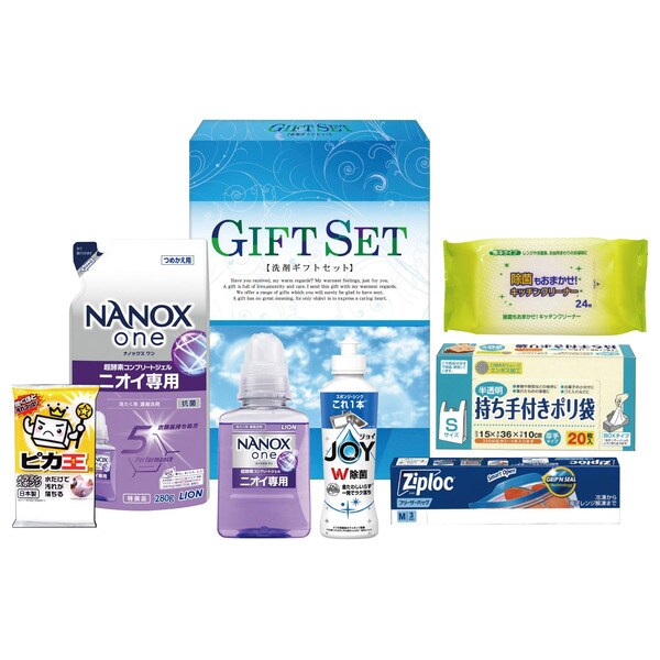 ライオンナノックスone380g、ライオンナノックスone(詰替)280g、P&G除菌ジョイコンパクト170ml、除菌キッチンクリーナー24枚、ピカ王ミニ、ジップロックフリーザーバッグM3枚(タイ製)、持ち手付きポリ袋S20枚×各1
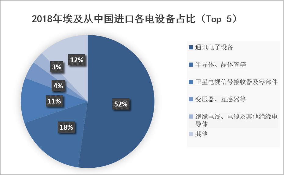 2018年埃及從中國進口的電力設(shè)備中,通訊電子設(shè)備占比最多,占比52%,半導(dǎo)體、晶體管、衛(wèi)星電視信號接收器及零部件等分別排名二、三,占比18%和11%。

----

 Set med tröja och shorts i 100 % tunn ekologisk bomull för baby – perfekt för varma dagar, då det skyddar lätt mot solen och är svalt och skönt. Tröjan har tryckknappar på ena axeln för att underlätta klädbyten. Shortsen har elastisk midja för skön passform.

----

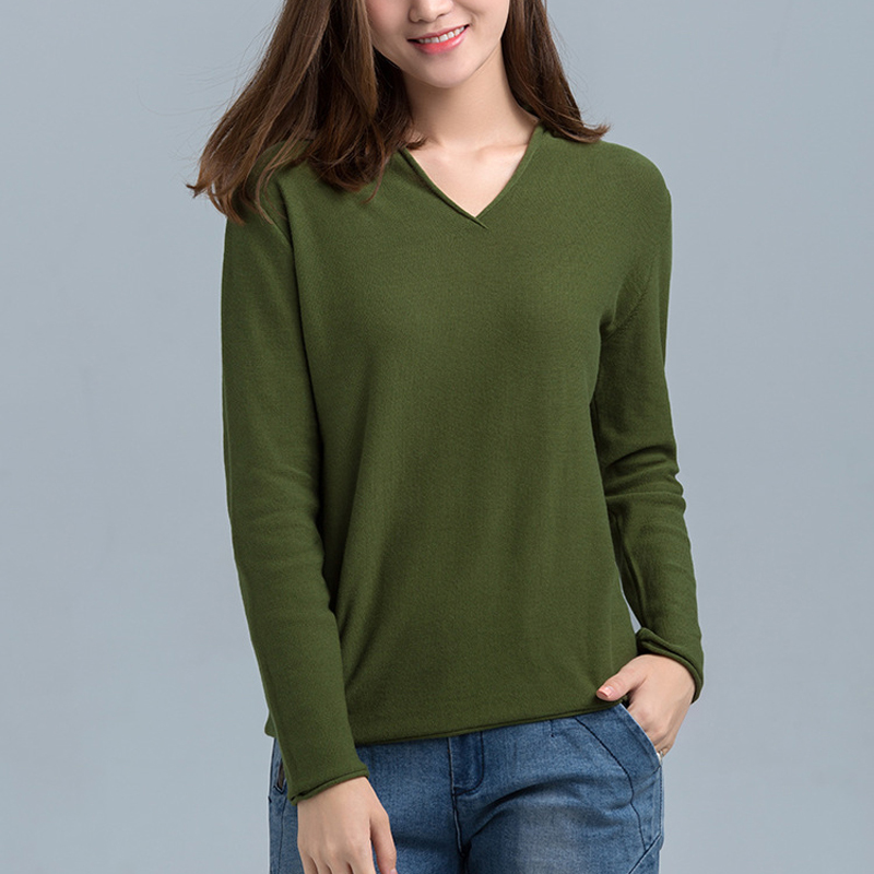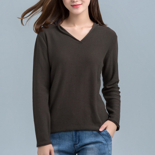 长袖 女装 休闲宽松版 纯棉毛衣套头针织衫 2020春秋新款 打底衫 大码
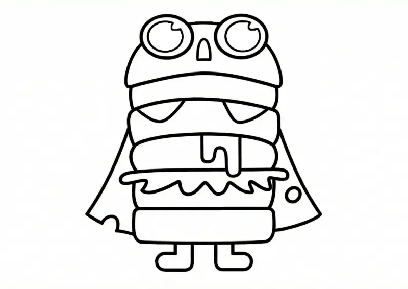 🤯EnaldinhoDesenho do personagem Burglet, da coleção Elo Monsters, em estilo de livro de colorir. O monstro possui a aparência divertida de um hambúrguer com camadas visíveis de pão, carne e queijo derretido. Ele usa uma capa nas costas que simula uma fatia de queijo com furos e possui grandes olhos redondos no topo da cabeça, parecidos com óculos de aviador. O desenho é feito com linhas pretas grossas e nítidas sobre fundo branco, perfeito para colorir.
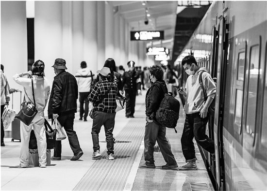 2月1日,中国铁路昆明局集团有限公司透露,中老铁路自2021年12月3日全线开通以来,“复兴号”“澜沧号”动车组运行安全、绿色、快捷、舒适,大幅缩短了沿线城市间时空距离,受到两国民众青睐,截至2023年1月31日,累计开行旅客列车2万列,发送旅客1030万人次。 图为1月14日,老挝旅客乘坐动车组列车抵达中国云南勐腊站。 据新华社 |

----

WHAT YOU ARE ASKED TO DO> In the records above, find the line with "ライオンナノックスone38" and the line with "2018年埃及從中國進口的電". Write out exactly those lines and every one between, with no pictures and no other lines.

SOLUTION>
 ライオンナノックスone380g、ライオンナノックスone(詰替)280g、P&G除菌ジョイコンパクト170ml、除菌キッチンクリーナー24枚、ピカ王ミニ、ジップロックフリーザーバッグM3枚(タイ製)、持ち手付きポリ袋S20枚×各1
 2018年埃及從中國進口的電力設(shè)備中,通訊電子設(shè)備占比最多,占比52%,半導(dǎo)體、晶體管、衛(wèi)星電視信號接收器及零部件等分別排名二、三,占比18%和11%。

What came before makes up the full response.